◆ Required action
Should the entries contain pictures, leave them out and return exactly the lines from the first through the line holding "8月29日下午,5278论坛".

◆ Given records
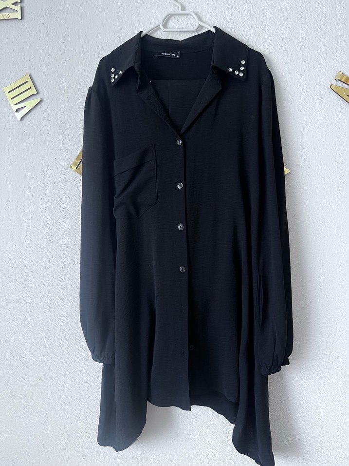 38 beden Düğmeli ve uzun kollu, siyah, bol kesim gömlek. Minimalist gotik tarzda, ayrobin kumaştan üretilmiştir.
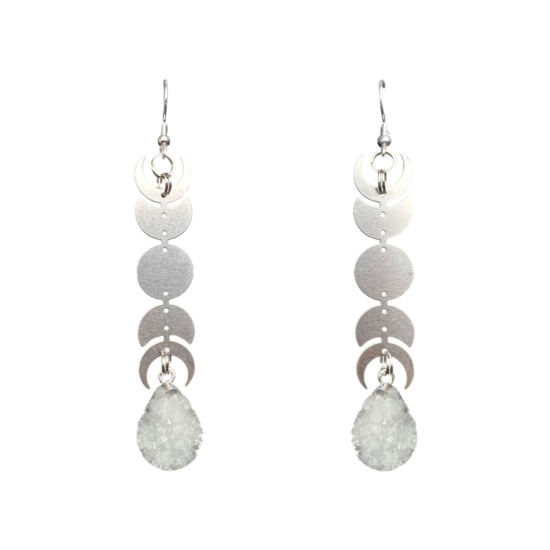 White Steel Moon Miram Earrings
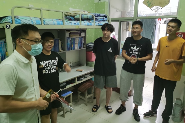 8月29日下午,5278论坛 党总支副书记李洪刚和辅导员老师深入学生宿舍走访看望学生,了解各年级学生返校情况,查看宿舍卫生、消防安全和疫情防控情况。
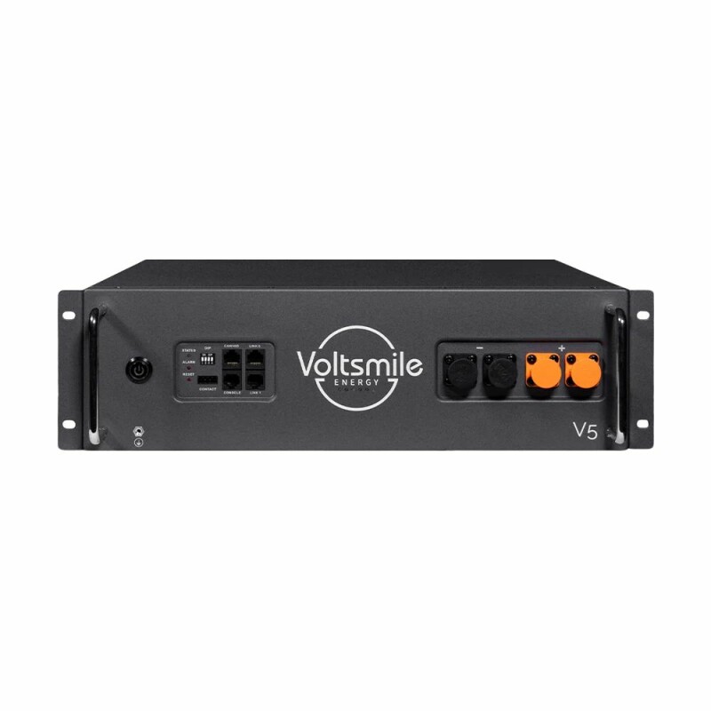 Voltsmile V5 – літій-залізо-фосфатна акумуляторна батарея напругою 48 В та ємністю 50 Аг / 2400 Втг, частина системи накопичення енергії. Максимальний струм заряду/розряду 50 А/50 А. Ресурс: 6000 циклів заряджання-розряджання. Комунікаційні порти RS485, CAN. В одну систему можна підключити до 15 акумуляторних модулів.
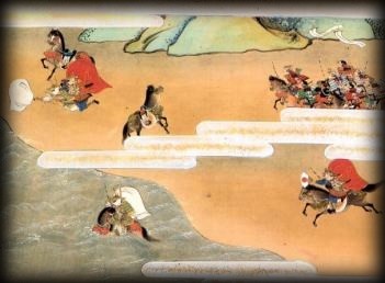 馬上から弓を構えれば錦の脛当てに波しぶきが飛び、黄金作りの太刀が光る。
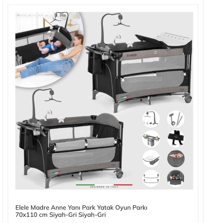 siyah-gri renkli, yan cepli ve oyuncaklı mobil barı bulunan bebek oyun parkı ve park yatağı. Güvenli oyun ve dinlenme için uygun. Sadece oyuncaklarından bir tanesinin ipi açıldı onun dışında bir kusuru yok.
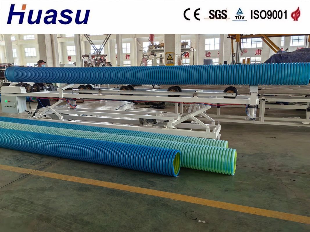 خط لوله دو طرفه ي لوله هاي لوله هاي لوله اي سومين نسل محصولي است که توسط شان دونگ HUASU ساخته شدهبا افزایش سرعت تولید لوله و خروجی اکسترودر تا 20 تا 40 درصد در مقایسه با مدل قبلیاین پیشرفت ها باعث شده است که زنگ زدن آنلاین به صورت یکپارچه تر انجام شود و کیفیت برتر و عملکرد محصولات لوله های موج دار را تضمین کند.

◆ Answer section
 38 beden Düğmeli ve uzun kollu, siyah, bol kesim gömlek. Minimalist gotik tarzda, ayrobin kumaştan üretilmiştir.
 White Steel Moon Miram Earrings
 8月29日下午,5278论坛 党总支副书记李洪刚和辅导员老师深入学生宿舍走访看望学生,了解各年级学生返校情况,查看宿舍卫生、消防安全和疫情防控情况。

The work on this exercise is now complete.